*** EXTRACTED ENTRIES ***

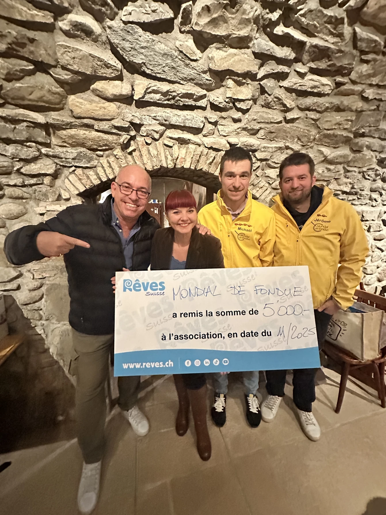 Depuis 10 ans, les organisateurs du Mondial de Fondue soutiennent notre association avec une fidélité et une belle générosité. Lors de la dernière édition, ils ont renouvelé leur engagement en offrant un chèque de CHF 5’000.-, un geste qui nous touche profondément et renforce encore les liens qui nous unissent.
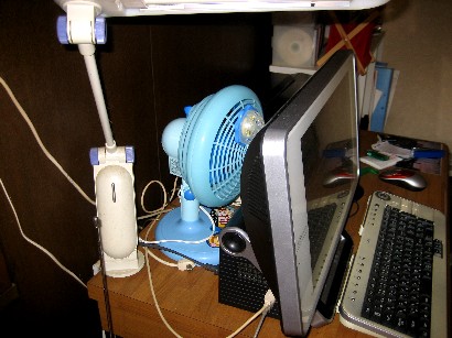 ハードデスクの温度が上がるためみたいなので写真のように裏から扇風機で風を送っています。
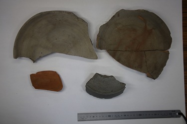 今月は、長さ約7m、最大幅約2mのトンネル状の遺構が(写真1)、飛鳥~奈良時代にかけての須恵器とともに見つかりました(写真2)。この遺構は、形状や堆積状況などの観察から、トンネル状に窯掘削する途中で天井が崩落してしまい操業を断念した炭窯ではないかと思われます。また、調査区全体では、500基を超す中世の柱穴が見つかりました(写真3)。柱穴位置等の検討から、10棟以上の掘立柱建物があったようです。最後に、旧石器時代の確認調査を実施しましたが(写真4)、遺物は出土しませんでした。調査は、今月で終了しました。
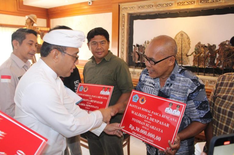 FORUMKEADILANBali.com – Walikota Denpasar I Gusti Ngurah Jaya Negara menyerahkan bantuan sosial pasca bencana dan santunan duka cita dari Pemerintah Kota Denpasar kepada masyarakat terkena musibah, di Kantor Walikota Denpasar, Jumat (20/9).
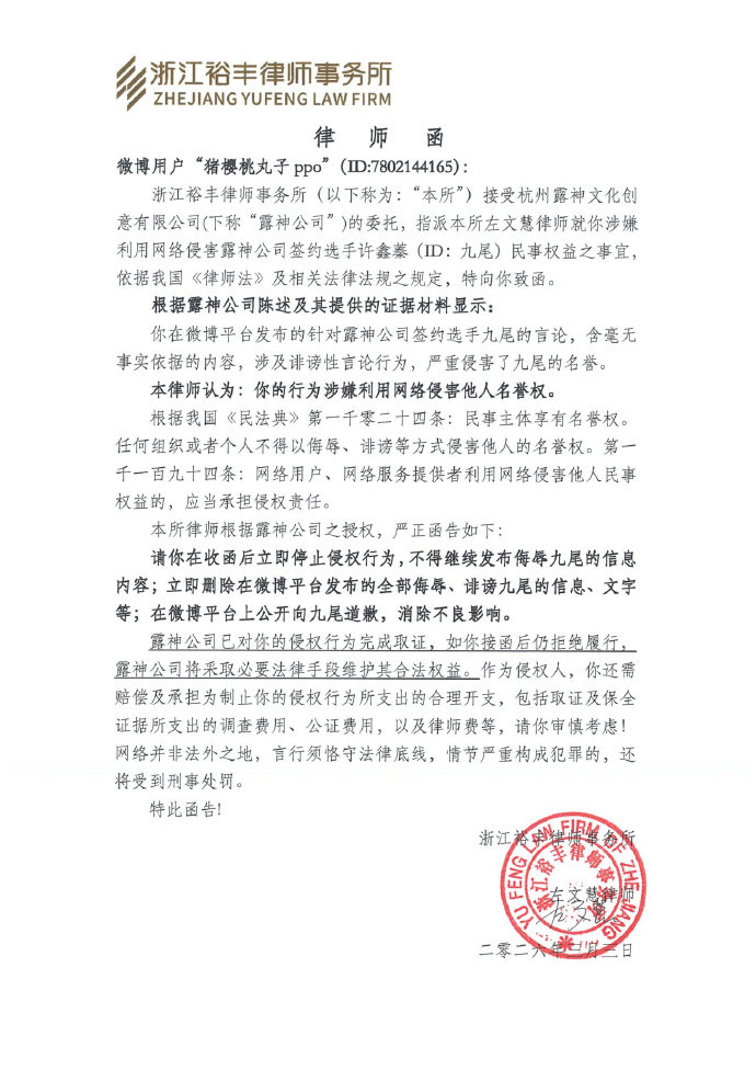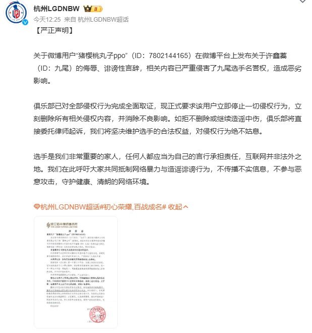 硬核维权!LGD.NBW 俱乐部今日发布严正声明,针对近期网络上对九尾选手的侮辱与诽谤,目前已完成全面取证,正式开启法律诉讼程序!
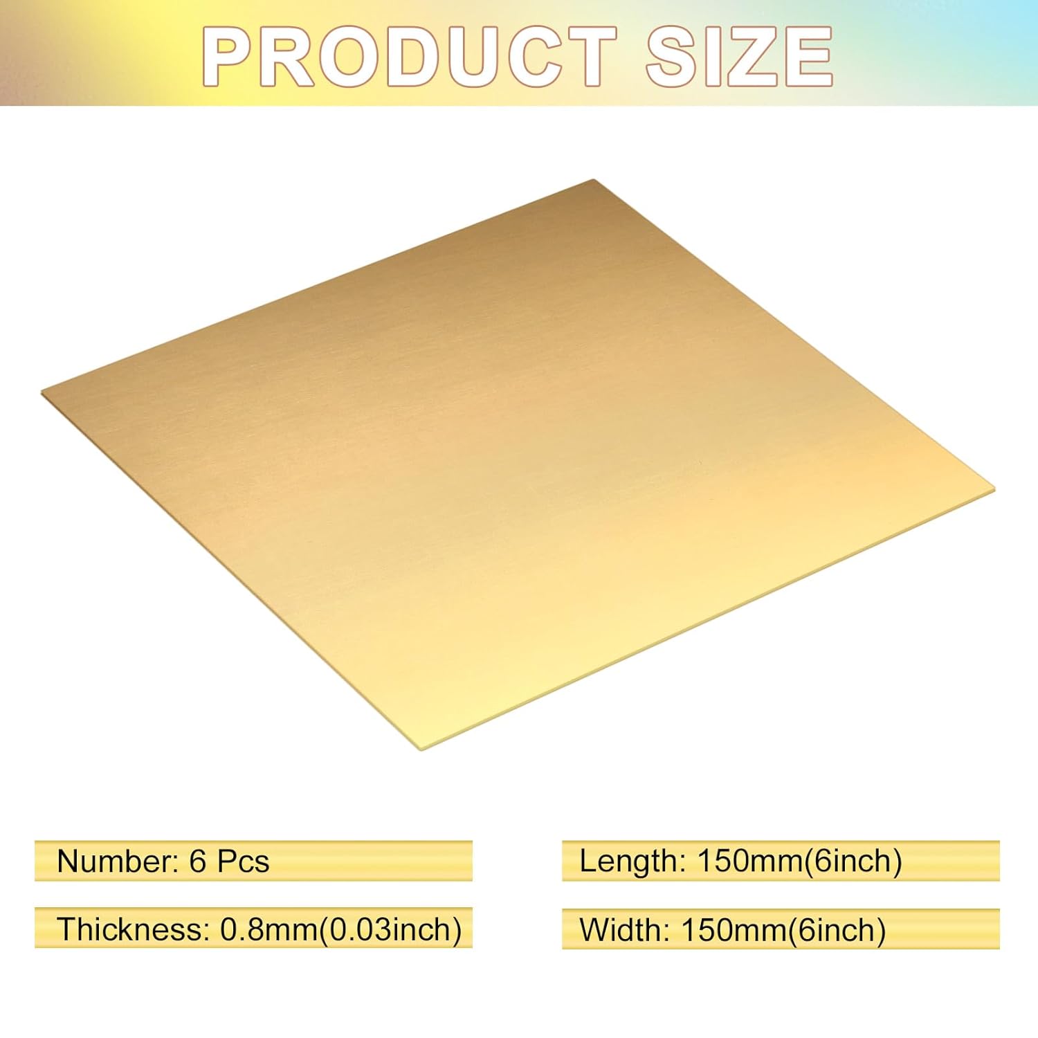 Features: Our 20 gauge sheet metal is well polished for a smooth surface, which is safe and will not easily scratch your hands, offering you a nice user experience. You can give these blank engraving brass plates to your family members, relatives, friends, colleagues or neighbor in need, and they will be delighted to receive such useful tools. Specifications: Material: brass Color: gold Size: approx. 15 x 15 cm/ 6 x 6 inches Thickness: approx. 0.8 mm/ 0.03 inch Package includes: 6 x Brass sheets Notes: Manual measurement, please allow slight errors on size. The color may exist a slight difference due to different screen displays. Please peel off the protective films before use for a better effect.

*** End of EXTRACTED ENTRIES ***
*** EXTRACTED ENTRIES ***

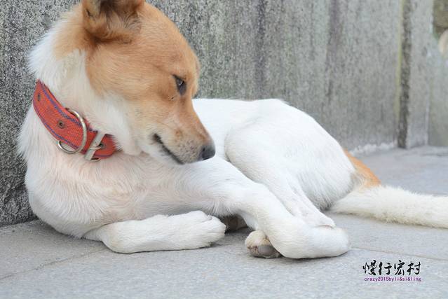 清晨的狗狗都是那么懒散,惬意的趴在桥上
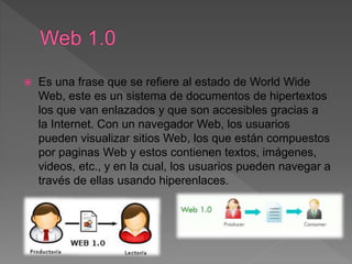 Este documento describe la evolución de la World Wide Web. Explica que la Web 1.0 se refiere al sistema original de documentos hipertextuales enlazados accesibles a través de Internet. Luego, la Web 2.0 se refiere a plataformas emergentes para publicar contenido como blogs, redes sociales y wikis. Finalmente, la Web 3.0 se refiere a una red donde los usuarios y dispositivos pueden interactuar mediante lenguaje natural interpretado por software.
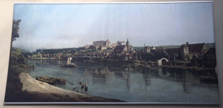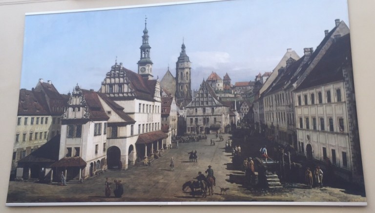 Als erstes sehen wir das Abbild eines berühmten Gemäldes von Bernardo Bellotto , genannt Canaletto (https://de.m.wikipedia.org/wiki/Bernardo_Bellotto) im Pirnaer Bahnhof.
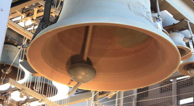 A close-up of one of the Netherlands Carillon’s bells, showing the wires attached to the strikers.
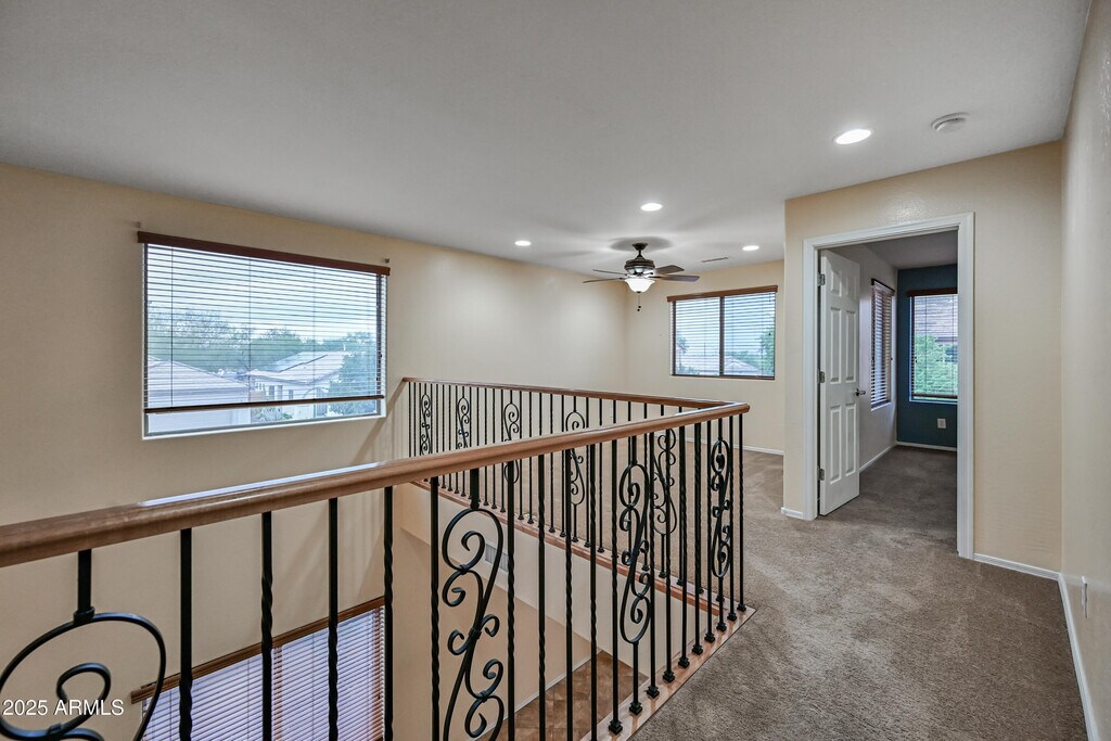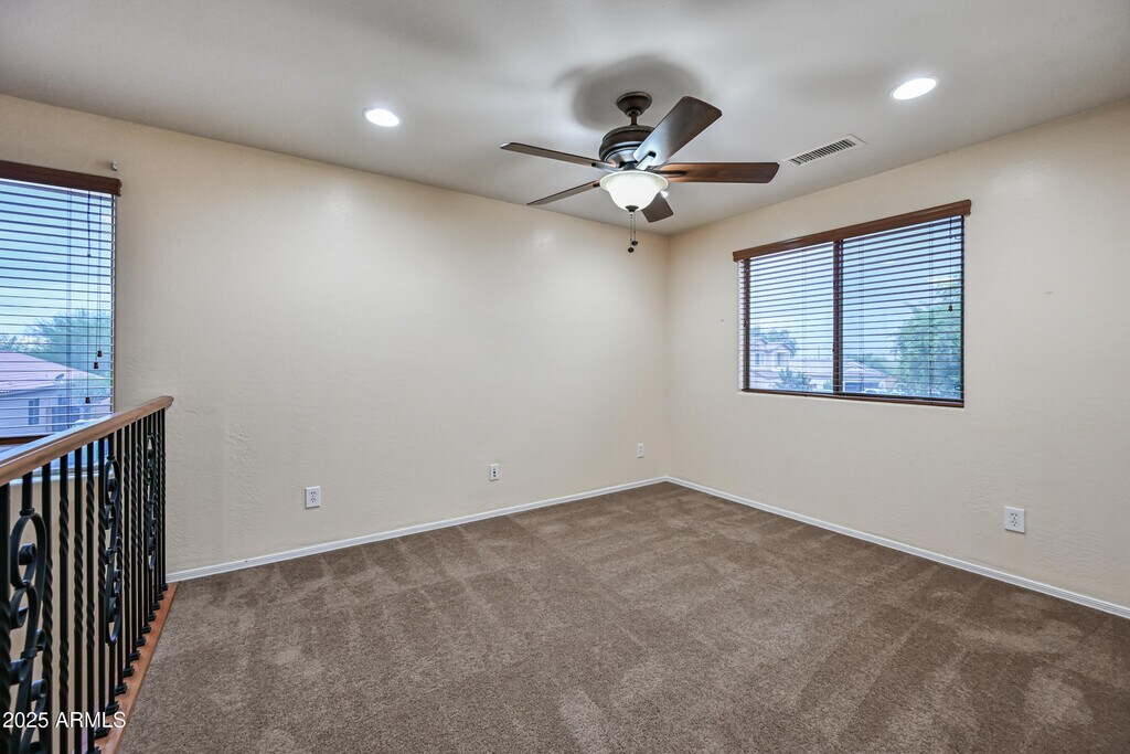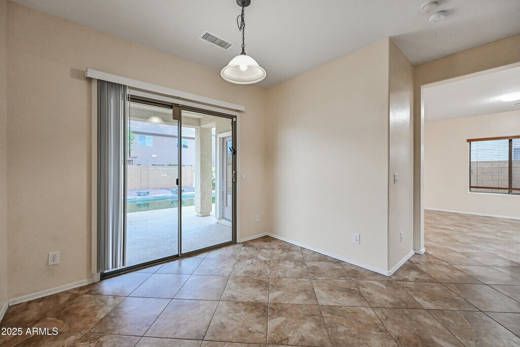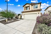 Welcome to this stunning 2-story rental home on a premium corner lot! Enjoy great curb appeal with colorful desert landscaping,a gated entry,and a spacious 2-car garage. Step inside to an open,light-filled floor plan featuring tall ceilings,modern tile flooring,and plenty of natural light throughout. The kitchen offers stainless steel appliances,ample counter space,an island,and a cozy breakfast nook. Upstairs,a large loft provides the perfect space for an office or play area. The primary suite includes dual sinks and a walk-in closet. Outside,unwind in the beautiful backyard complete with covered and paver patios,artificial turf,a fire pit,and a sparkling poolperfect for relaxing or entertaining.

*** End of EXTRACTED ENTRIES ***
*** EXTRACTED ENTRIES ***

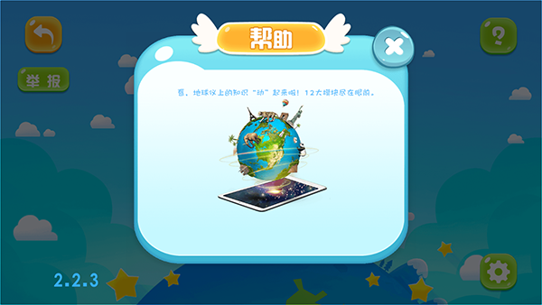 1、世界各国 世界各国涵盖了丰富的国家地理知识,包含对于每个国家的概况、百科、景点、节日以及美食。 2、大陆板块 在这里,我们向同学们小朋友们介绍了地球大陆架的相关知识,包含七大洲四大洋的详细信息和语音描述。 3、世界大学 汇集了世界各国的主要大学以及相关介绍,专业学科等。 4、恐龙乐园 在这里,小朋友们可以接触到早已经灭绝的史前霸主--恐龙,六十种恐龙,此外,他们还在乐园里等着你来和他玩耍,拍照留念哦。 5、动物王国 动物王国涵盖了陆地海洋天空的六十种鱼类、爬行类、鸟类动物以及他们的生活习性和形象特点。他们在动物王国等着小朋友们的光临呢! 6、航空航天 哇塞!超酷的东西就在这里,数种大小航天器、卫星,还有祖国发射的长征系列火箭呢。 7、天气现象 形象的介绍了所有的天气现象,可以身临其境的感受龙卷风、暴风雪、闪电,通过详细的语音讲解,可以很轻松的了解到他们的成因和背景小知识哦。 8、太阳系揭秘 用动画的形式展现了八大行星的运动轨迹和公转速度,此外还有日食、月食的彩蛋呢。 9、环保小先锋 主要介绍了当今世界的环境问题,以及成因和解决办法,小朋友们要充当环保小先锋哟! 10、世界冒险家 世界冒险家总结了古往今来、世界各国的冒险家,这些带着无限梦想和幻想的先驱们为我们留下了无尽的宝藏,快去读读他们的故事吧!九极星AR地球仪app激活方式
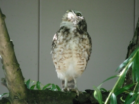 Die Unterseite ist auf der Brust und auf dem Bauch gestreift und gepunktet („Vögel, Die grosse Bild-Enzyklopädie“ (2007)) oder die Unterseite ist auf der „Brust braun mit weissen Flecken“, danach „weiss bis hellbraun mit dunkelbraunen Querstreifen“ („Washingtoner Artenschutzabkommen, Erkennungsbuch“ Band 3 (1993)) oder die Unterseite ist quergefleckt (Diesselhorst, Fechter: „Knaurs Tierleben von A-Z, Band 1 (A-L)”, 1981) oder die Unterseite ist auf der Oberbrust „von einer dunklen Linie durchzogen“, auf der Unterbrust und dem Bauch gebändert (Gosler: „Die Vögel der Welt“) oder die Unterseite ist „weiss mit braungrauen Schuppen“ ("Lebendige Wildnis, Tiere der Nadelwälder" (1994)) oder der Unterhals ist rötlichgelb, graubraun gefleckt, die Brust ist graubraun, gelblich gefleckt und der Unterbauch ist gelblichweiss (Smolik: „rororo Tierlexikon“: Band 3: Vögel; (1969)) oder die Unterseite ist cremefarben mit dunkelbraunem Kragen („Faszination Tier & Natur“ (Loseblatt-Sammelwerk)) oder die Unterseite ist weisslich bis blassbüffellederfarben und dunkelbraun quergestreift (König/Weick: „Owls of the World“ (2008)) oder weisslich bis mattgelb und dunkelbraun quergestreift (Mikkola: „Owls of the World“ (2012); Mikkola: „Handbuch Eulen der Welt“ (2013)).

*** End of EXTRACTED ENTRIES ***

• AIM OF THE TASK
In the data above, find the line containing "Depuis 10 ans, les" and the line containing "硬核维权!LGD.NBW 俱". Repeat those two lines and everything between them exactly, minus the pictures.

• SOLVED PROBLEM
 Depuis 10 ans, les organisateurs du Mondial de Fondue soutiennent notre association avec une fidélité et une belle générosité. Lors de la dernière édition, ils ont renouvelé leur engagement en offrant un chèque de CHF 5’000.-, un geste qui nous touche profondément et renforce encore les liens qui nous unissent.
 ハードデスクの温度が上がるためみたいなので写真のように裏から扇風機で風を送っています。
 今月は、長さ約7m、最大幅約2mのトンネル状の遺構が(写真1)、飛鳥~奈良時代にかけての須恵器とともに見つかりました(写真2)。この遺構は、形状や堆積状況などの観察から、トンネル状に窯掘削する途中で天井が崩落してしまい操業を断念した炭窯ではないかと思われます。また、調査区全体では、500基を超す中世の柱穴が見つかりました(写真3)。柱穴位置等の検討から、10棟以上の掘立柱建物があったようです。最後に、旧石器時代の確認調査を実施しましたが(写真4)、遺物は出土しませんでした。調査は、今月で終了しました。
 FORUMKEADILANBali.com – Walikota Denpasar I Gusti Ngurah Jaya Negara menyerahkan bantuan sosial pasca bencana dan santunan duka cita dari Pemerintah Kota Denpasar kepada masyarakat terkena musibah, di Kantor Walikota Denpasar, Jumat (20/9).
 硬核维权!LGD.NBW 俱乐部今日发布严正声明,针对近期网络上对九尾选手的侮辱与诽谤,目前已完成全面取证,正式开启法律诉讼程序!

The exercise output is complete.